## WHAT THE TASK ASKS
Your copy of the entries below should hold exactly the lines from the one containing "A wine bottle" to the one containing "截至IT之家发稿,小米手机官方微博已撤下这个头像,换回了以小米 MIX Flip", inclusive, and no pictures.

------ MATERIAL FOR THE TASK ------

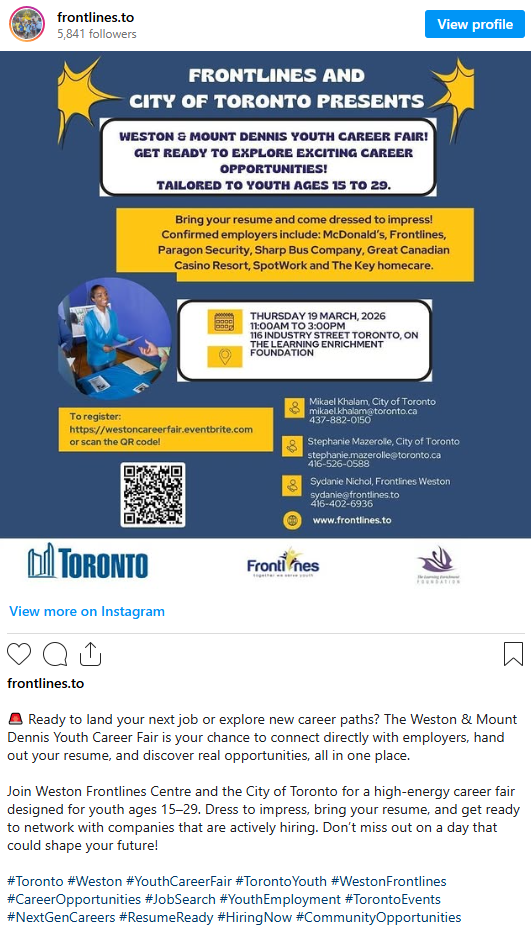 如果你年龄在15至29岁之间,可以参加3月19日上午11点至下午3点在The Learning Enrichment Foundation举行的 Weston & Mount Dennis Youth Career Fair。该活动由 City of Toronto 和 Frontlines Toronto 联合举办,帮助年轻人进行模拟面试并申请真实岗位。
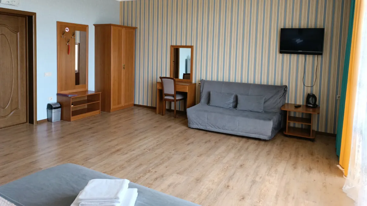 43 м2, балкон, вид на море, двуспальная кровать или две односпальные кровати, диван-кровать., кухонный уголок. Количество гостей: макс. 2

------
------ MATERIAL FOR THE TASK ------

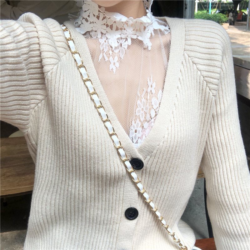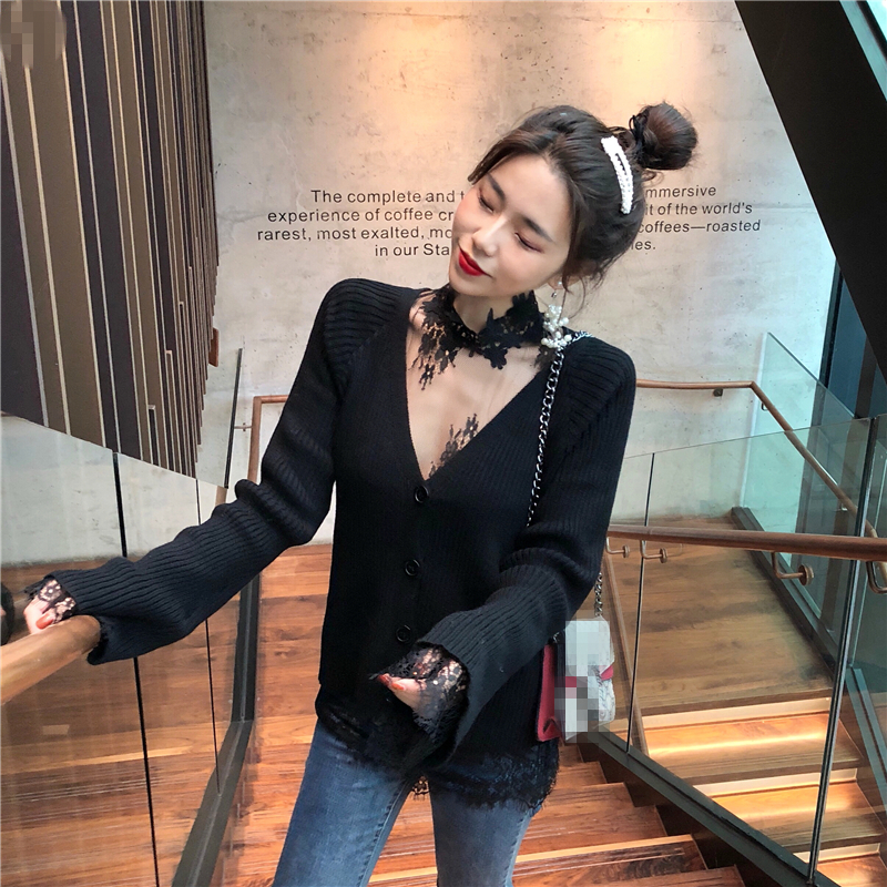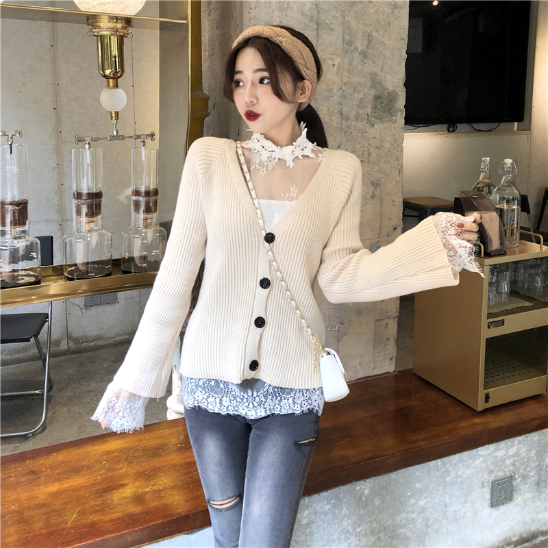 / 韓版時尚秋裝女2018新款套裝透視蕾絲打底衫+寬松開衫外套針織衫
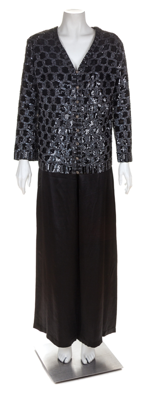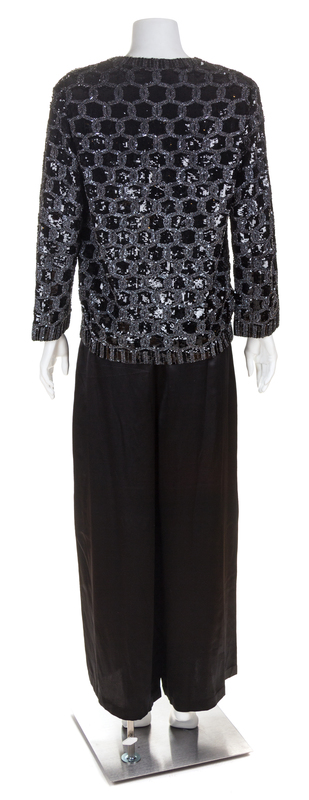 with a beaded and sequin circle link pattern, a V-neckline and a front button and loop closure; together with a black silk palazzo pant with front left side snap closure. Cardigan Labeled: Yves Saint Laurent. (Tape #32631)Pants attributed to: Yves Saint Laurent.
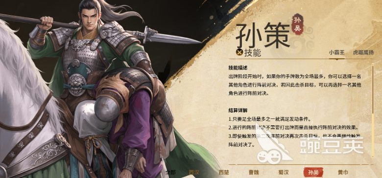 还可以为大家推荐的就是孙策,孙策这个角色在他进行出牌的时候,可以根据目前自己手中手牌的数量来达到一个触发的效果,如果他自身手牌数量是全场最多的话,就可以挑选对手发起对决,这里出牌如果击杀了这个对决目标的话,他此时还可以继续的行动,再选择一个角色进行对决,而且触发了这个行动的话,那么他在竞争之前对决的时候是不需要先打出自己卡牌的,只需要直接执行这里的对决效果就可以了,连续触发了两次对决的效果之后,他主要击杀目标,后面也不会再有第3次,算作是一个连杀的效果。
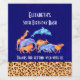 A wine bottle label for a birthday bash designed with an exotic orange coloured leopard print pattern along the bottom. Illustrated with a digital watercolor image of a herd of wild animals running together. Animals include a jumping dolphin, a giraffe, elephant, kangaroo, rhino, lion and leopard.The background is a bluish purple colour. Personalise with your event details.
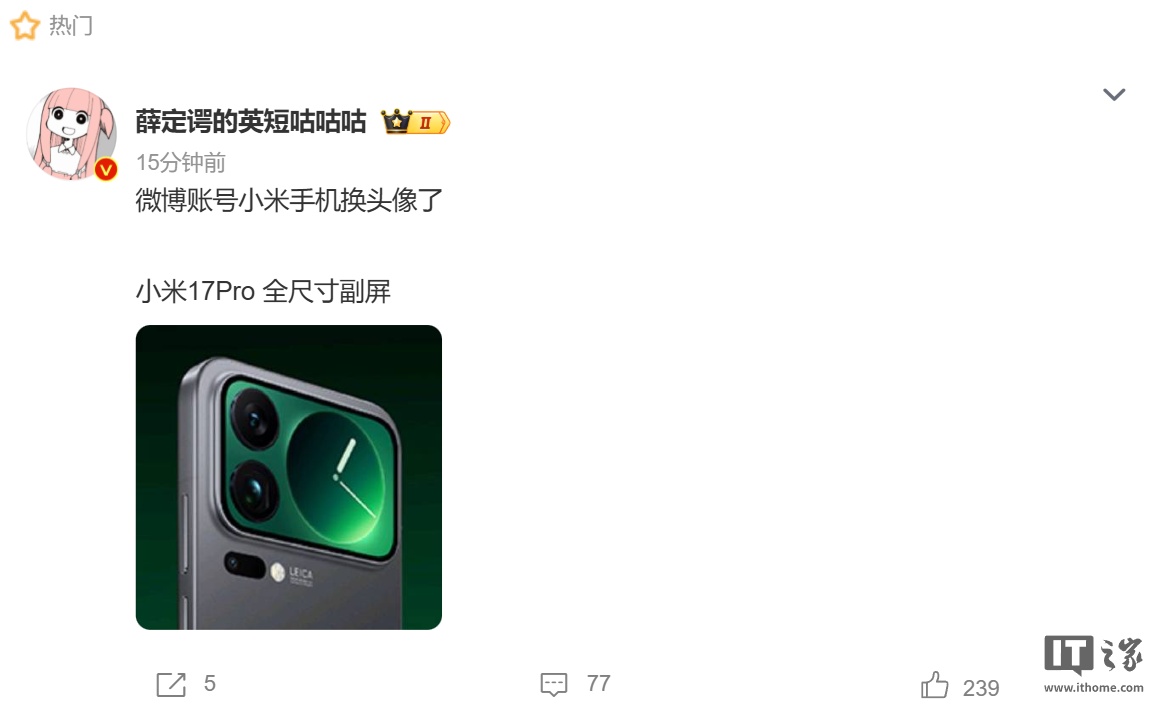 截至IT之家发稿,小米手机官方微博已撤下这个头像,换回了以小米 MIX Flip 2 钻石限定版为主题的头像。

------

## SOLUTION FOR THIS TASK
 A wine bottle label for a birthday bash designed with an exotic orange coloured leopard print pattern along the bottom. Illustrated with a digital watercolor image of a herd of wild animals running together. Animals include a jumping dolphin, a giraffe, elephant, kangaroo, rhino, lion and leopard.The background is a bluish purple colour. Personalise with your event details.
 截至IT之家发稿,小米手机官方微博已撤下这个头像,换回了以小米 MIX Flip 2 钻石限定版为主题的头像。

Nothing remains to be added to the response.